Write the full listing out again, word for word, but omit the pictures.

The data:
Segment Open
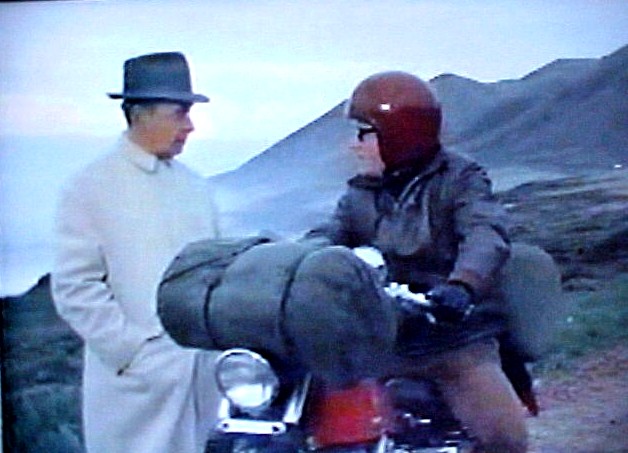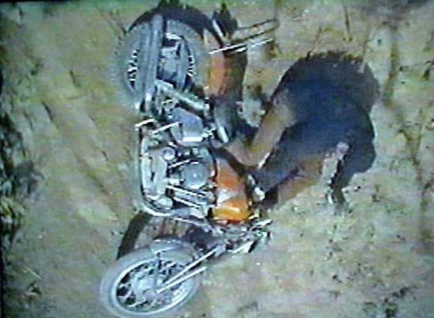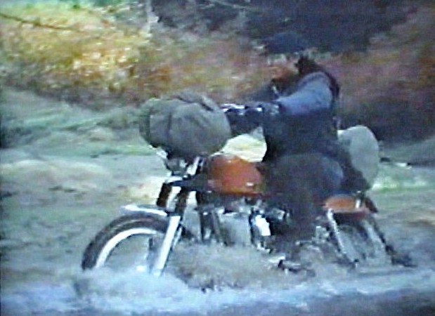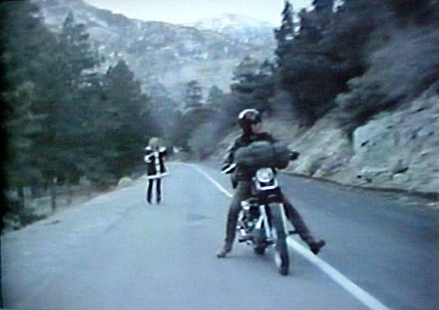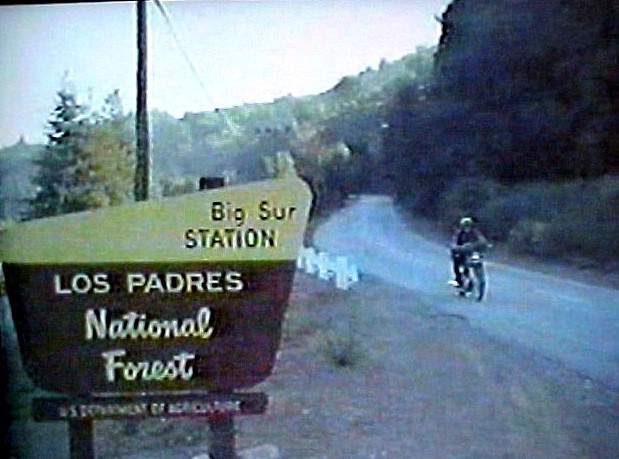 Jim heads for high lonesome, with bad weather closing in, he looses control on the mountain road and his bike falls down the slope with him tumbling after it. Filmed in Big Sur California.
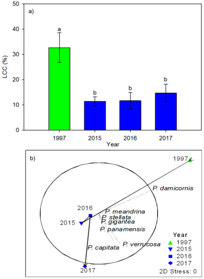 | ETP Site | Years Surveyed | ENSO Event * | Pre-ENSO % LCC | Post-ENSO % LCC (% Mortality) | % LCC After Recovery | Reference |
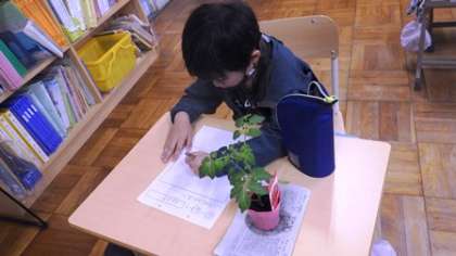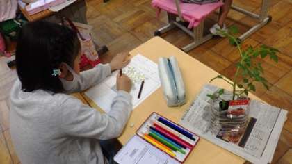 今日は朝から雨でしたが、みんな元気に登校しました。ミニトマト、ピーマンなど、これから育てる夏の野菜の観察を教室でしました。
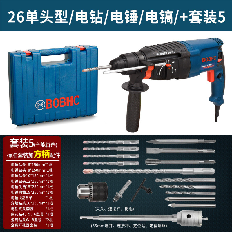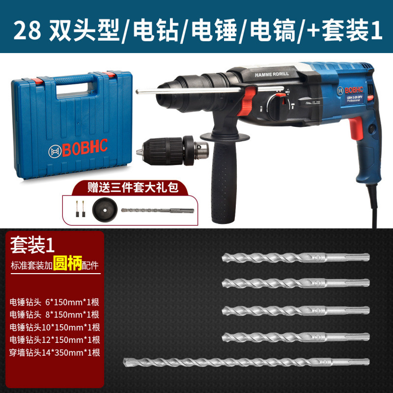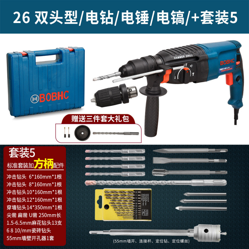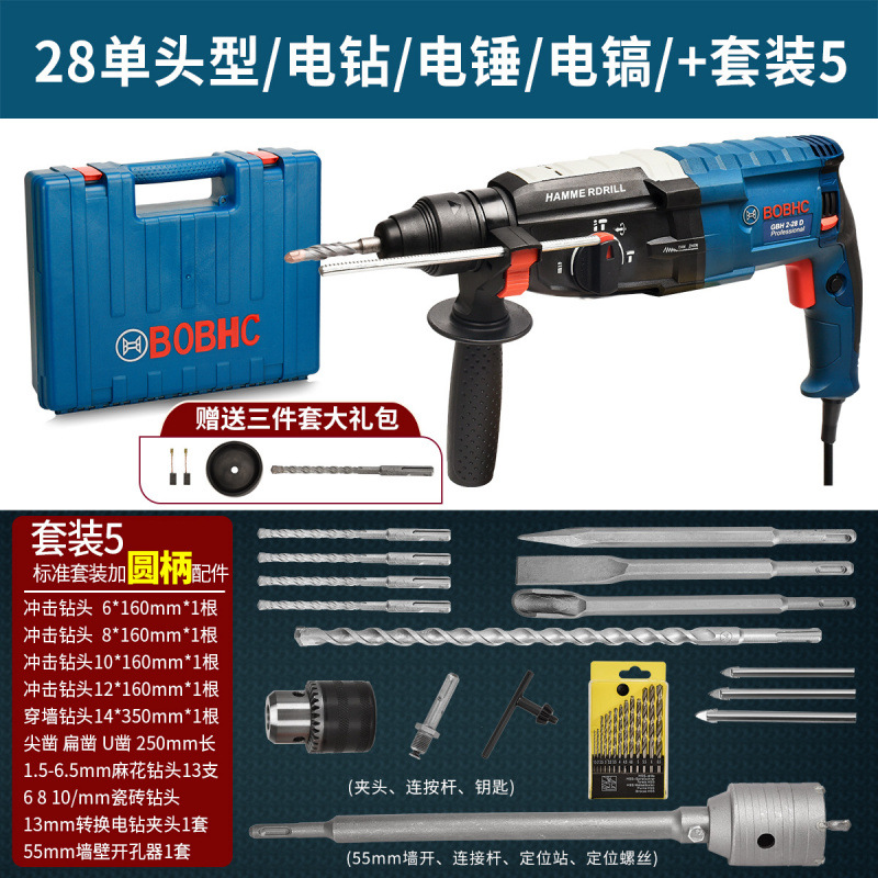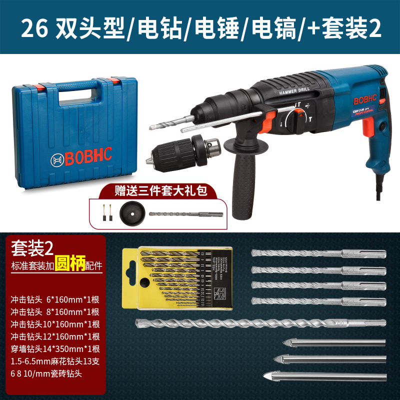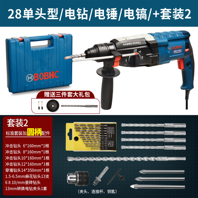 전기 해머 타악기 드릴 전기 드릴 가정용 다기능 콘크리트 벽 구멍 빛 높은 전력 산업 등급 Luo Yuan
Segment Closed
Exercise output:
 Jim heads for high lonesome, with bad weather closing in, he looses control on the mountain road and his bike falls down the slope with him tumbling after it. Filmed in Big Sur California.
 | ETP Site | Years Surveyed | ENSO Event * | Pre-ENSO % LCC | Post-ENSO % LCC (% Mortality) | % LCC After Recovery | Reference |
 今日は朝から雨でしたが、みんな元気に登校しました。ミニトマト、ピーマンなど、これから育てる夏の野菜の観察を教室でしました。
 전기 해머 타악기 드릴 전기 드릴 가정용 다기능 콘크리트 벽 구멍 빛 높은 전력 산업 등급 Luo Yuan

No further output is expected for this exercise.